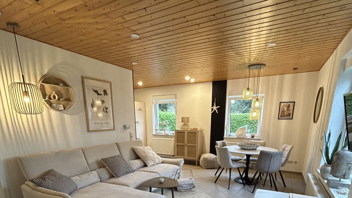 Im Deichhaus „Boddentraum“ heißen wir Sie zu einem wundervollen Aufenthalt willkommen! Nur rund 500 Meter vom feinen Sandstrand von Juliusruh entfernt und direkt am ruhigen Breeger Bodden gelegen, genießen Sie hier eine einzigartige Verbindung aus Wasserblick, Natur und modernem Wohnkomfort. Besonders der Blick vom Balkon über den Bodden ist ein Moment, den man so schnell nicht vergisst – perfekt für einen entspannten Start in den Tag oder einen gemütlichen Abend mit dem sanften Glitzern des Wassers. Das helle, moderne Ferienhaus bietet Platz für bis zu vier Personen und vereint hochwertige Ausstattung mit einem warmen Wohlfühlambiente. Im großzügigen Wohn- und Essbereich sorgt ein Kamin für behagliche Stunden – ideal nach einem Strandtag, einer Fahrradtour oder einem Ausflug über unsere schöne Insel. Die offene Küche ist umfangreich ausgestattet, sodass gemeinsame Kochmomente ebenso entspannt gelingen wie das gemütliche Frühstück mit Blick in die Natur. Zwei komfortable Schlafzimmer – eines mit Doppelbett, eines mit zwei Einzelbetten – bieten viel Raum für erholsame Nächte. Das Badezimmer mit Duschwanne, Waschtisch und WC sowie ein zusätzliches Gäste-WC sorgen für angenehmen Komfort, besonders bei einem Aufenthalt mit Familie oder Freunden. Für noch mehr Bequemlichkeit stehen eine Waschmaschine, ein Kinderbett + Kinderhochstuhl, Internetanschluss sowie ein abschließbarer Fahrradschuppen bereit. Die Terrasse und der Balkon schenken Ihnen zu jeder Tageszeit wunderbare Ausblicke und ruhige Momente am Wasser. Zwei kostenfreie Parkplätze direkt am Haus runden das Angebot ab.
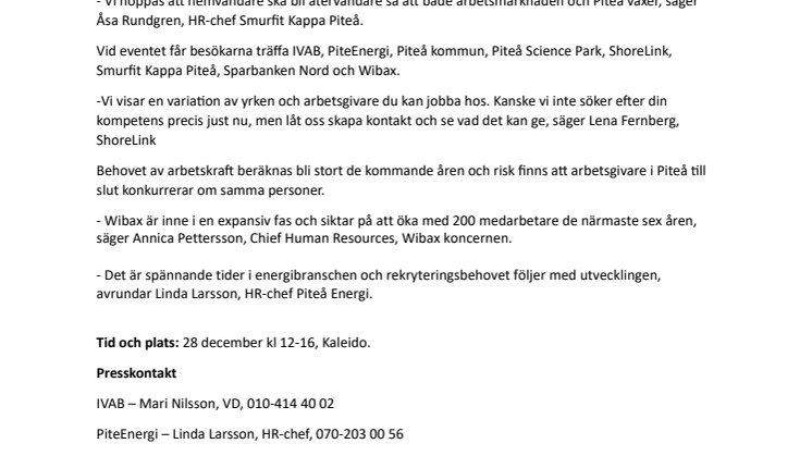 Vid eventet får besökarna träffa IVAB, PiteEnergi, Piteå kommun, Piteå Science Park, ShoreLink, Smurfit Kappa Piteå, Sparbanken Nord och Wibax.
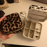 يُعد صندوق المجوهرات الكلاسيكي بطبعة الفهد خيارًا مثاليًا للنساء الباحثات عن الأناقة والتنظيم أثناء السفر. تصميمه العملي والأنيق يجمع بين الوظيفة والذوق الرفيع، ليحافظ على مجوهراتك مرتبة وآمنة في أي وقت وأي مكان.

TASK OBJECTIVE: Everything in the material goes into the copy exactly, except the images.

ANSWER BELOW:
 Im Deichhaus „Boddentraum“ heißen wir Sie zu einem wundervollen Aufenthalt willkommen! Nur rund 500 Meter vom feinen Sandstrand von Juliusruh entfernt und direkt am ruhigen Breeger Bodden gelegen, genießen Sie hier eine einzigartige Verbindung aus Wasserblick, Natur und modernem Wohnkomfort. Besonders der Blick vom Balkon über den Bodden ist ein Moment, den man so schnell nicht vergisst – perfekt für einen entspannten Start in den Tag oder einen gemütlichen Abend mit dem sanften Glitzern des Wassers. Das helle, moderne Ferienhaus bietet Platz für bis zu vier Personen und vereint hochwertige Ausstattung mit einem warmen Wohlfühlambiente. Im großzügigen Wohn- und Essbereich sorgt ein Kamin für behagliche Stunden – ideal nach einem Strandtag, einer Fahrradtour oder einem Ausflug über unsere schöne Insel. Die offene Küche ist umfangreich ausgestattet, sodass gemeinsame Kochmomente ebenso entspannt gelingen wie das gemütliche Frühstück mit Blick in die Natur. Zwei komfortable Schlafzimmer – eines mit Doppelbett, eines mit zwei Einzelbetten – bieten viel Raum für erholsame Nächte. Das Badezimmer mit Duschwanne, Waschtisch und WC sowie ein zusätzliches Gäste-WC sorgen für angenehmen Komfort, besonders bei einem Aufenthalt mit Familie oder Freunden. Für noch mehr Bequemlichkeit stehen eine Waschmaschine, ein Kinderbett + Kinderhochstuhl, Internetanschluss sowie ein abschließbarer Fahrradschuppen bereit. Die Terrasse und der Balkon schenken Ihnen zu jeder Tageszeit wunderbare Ausblicke und ruhige Momente am Wasser. Zwei kostenfreie Parkplätze direkt am Haus runden das Angebot ab.
 Vid eventet får besökarna träffa IVAB, PiteEnergi, Piteå kommun, Piteå Science Park, ShoreLink, Smurfit Kappa Piteå, Sparbanken Nord och Wibax.
 يُعد صندوق المجوهرات الكلاسيكي بطبعة الفهد خيارًا مثاليًا للنساء الباحثات عن الأناقة والتنظيم أثناء السفر. تصميمه العملي والأنيق يجمع بين الوظيفة والذوق الرفيع، ليحافظ على مجوهراتك مرتبة وآمنة في أي وقت وأي مكان.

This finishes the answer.